Efficient Tritium Extractor Design Enabled by High-Fidelity Simulation
Tritium is the essential fuel in D-T fusion reactions, which underpin both inertial confinement and magnetic confinement fusion concepts. Given the extremely limited natural supply, in-situ breeding is the only viable pathway to sustain commercial fusion power. Liquid blankets containing ⁶Li, such as molten salts FLiBe and FLiNaK, are particularly promising because they enable both tritium breeding and efficient thermal management. Molten fluoride salts are especially attractive as coolants due to their excellent thermal and neutronic properties, as well as their inherently low tritium solubility. While significant research has been devoted to breeding mechanisms, tritium extraction remains relatively understudied, which creates a critical bottleneck in the D-T fuel cycle.

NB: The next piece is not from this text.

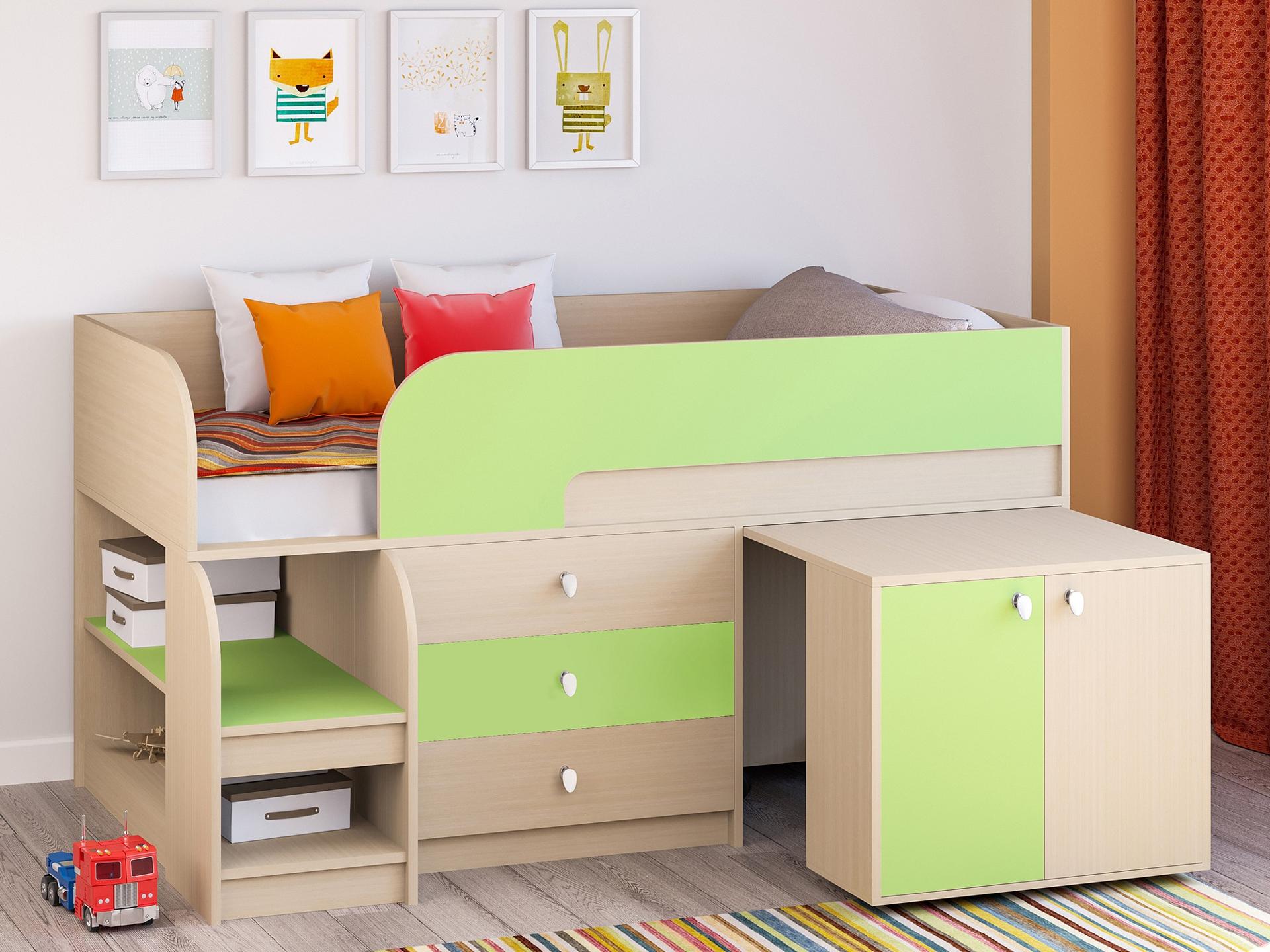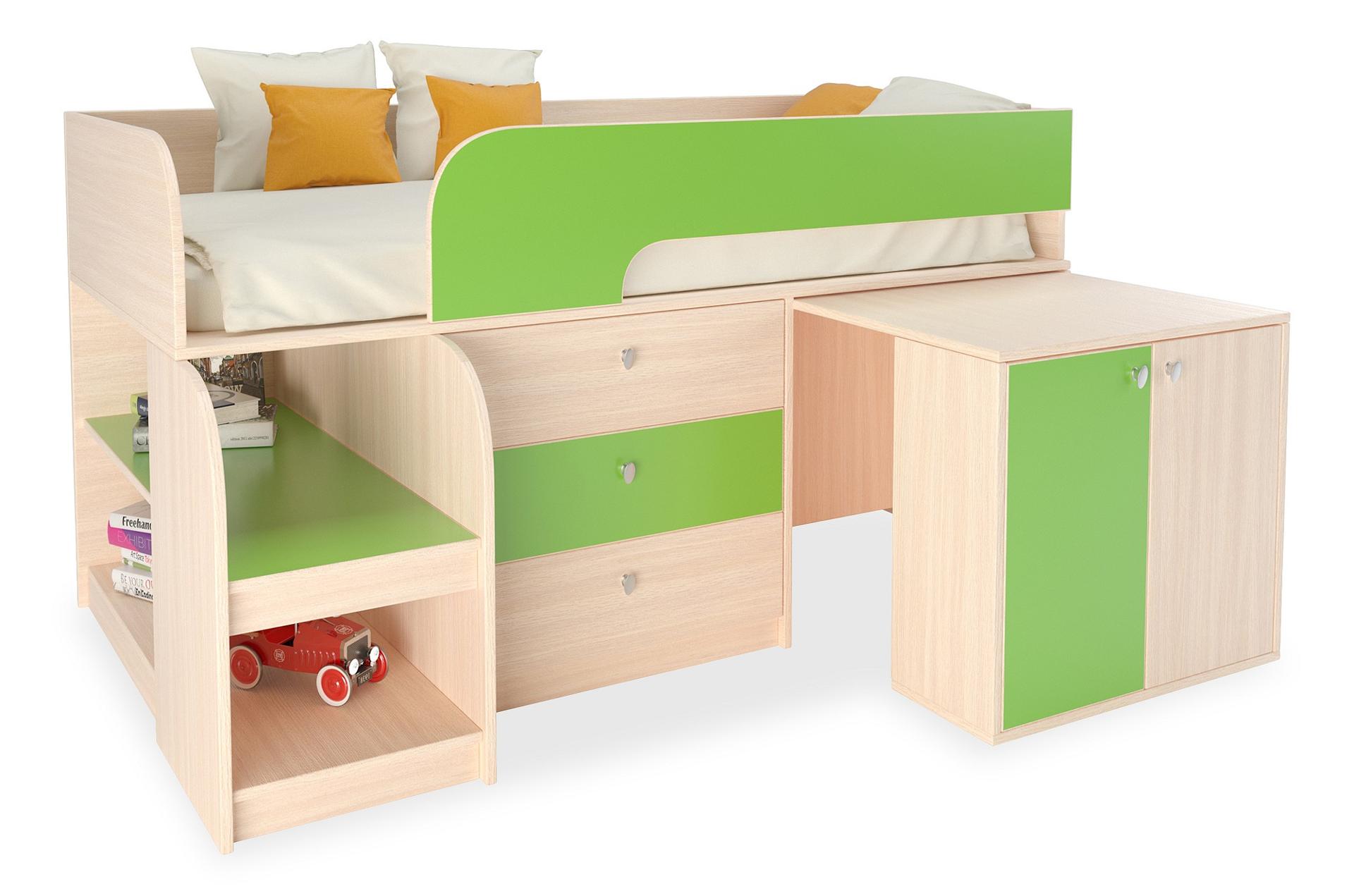 Ваш ребенок вырос и наступила пора обновить мебель в детской? Набор для детской Астра 9/7 RVM_ASTRA9-V7-1-5 – отличное решение, которое понравится не только вам, но и будущему маленькому хозяину или хозяйке. Изделие изготовлено известным брендом РВ-Мебель (Россия) и входит в серию «Астра 9/7». Эффектный матовый корпус оттенка дуб молочный, салатовый смотрится изысканно и изящно, гармонично дополняя фасад, изготовленный из надежного и оптимального для детской материала (ЛДСП Е1). Перед приобретением новой кровати советуем тщательно замерить свободную площадь в помещении, чтобы кровать точно подошла по габаритам (900 мм в высоту, 1632 мм в ширину и (уточните актуальную информацию у нашего консультанта) мм в длину), а также подобрать матрас 1600x800 мм. В комплект входит основание настил из ЛДСП;

In this talk, I will present two ongoing efforts to design efficient tritium extractor concepts, i.e., both permeator against vacuum (PAV) and gas-liquid contactor (GLC), using high-fidelity simulations. I will demonstrate that advanced extractor design requires resolving a coupled multidimensional, multiphase transport problem. High-fidelity modeling provides detailed insights into local transport phenomena that are otherwise difficult to probe experimentally. With the added transport physics incorporated into existing CFD tools, we are well-positioned to perform refined parametric studies and optimize extractor geometries to advance tritium management strategies for fusion systems.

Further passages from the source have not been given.